OUR MISSION AND HISTORY

We believe it is a natural right of working people to enjoy to the full extent the wealth created by their labor.

We believe that given the state of work in our current world, people must unite to obtain the full reward of their labor.

We believe that working people should exercise their rights cooperatively and economically for the benefit of all people.

Therefore, we, the International Association of Machinists and Aerospace Workers (IAM), pledge ourselves to work for our Members to continue to preserve and grow the IAM on the basis of solidarity and justice, and to strive for a higher standard of living for people who work.

                                                                                                    IAM LOCAL LODGE 126

Local 126 was chartered on October 20, 1890 and is one of the oldest Locals of the International Association of Machinist and Aerospace Workers.

There were 19 founding members and the head of the local was called a Grand Master Machinist. The gentleman’s name was Charles W. Fry. Starting in 1919 the title was changed to Business Representative.

The Local’s archives are extensive. We are in possession of the original charter and have handwritten minutes from monthly meetings as early as 1896.

The local has represented workers employed with municipalities’ right from the 1890 with members employed at the City of Chicago or Cook County.
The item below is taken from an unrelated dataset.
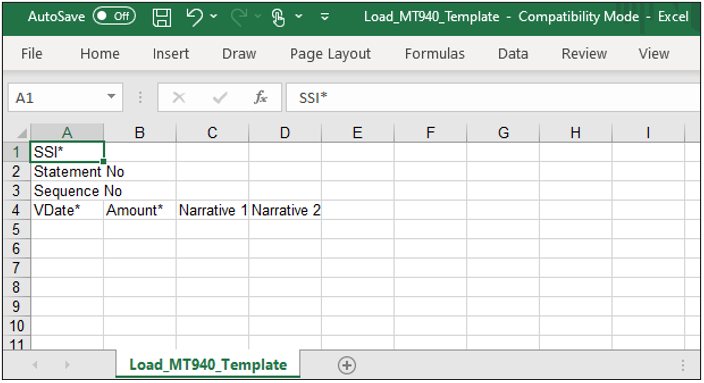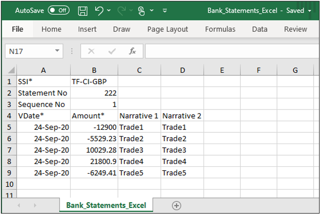 29. Fill out the fields in the import template. Enter SSI short name, statement number, sequence number, VDate, Amount, Narrative 1 and Narrative 2.
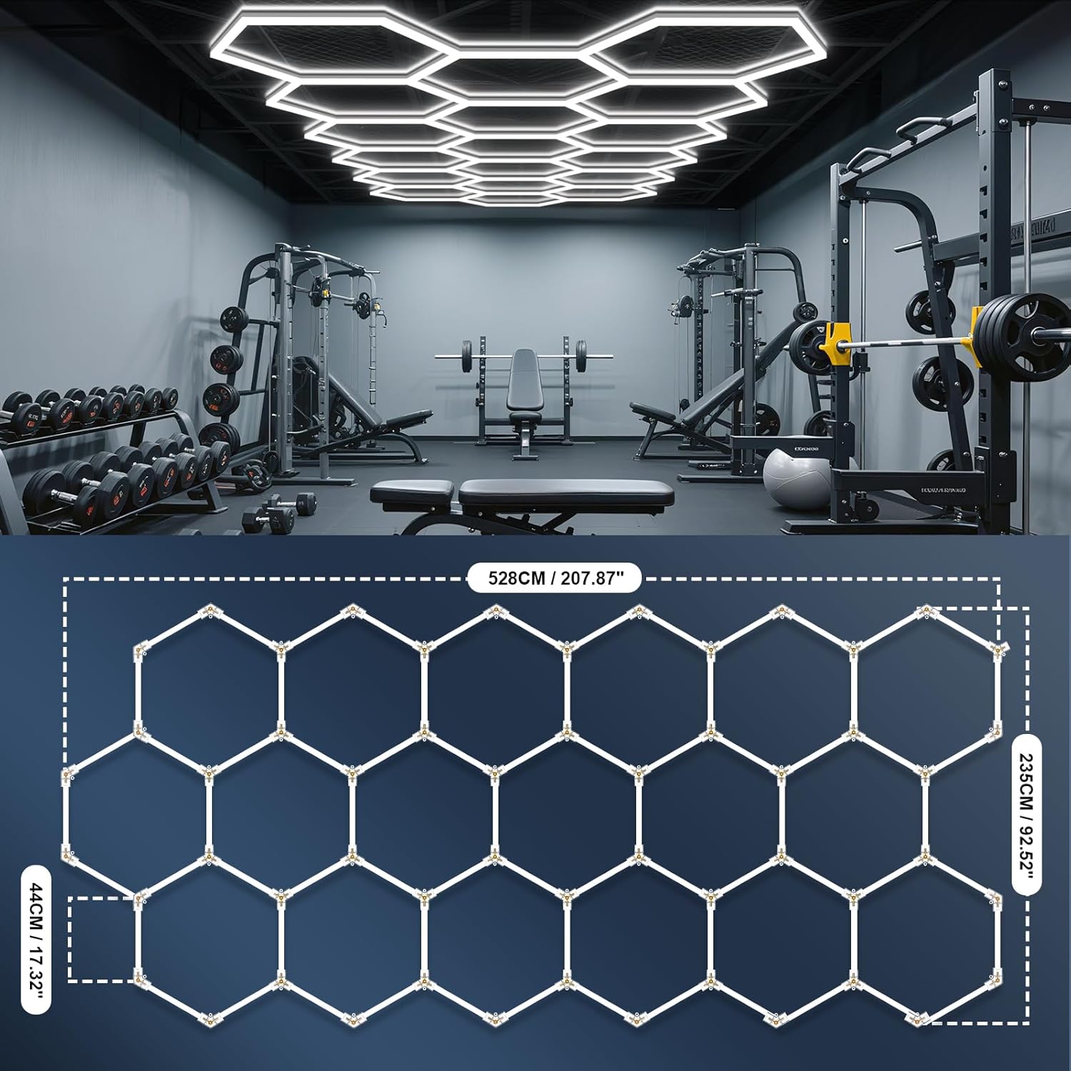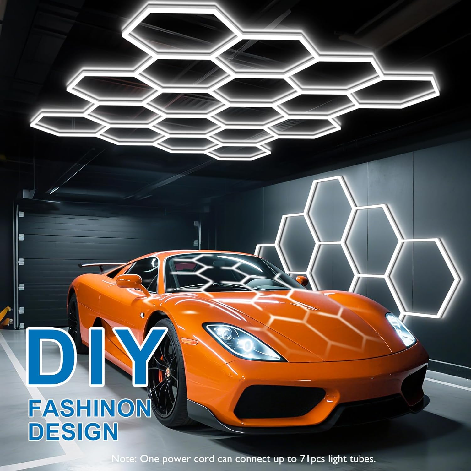 - High Brightness - This 568W hexagon car detailing light system with 6500K white light, produces an impressive brightness of 68160lm, can effectively light up a large area, ideal for garage, car repair shop, workshop, workbench, or gym

Our members were repairing buggies and carriages for the municipalities before the fleets were mechanized around 1920.

Local 126 also was and still is the political leader for the IAMAW in the State of Illinois.

With the Local setting the construction Prevailing Rate for the State of Illinois and taking political action in the State, we are the driving force for the working women, men and the middle class to maintain good wages, benefits, safe working conditions and dignity on the job.

With the generosity of the membership, Local 126 is also a responsible member of the Chicagoland Labor Community with our charitable contributions.

Being fortunate with active members, strong labor ties and a focused leadership, this small Chicago local will stand tall for the next 126 years protecting workers rights as we have for over the last century and a quarter.